Two lines in the data below mark the range: the one with "Akumulátorová reťazová píla" and the one with "Elisabetta franchi-rokken zwart". Return both, along with every line between them, exactly.

» SUPPLIED RECORDS:
━━━━

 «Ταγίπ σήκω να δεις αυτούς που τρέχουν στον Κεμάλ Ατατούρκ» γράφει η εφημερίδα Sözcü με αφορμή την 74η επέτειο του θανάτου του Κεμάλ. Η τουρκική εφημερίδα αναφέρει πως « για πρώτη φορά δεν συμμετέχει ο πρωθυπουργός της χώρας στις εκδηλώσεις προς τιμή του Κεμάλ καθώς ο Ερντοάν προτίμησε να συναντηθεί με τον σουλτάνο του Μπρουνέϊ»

━━━━

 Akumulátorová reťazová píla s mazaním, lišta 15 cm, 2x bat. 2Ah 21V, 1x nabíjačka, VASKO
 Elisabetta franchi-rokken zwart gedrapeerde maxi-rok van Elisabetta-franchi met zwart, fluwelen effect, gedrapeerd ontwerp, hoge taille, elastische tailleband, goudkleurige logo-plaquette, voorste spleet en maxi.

━━━━

» EXPECTED ANSWER:
 Akumulátorová reťazová píla s mazaním, lišta 15 cm, 2x bat. 2Ah 21V, 1x nabíjačka, VASKO
 Elisabetta franchi-rokken zwart gedrapeerde maxi-rok van Elisabetta-franchi met zwart, fluwelen effect, gedrapeerd ontwerp, hoge taille, elastische tailleband, goudkleurige logo-plaquette, voorste spleet en maxi.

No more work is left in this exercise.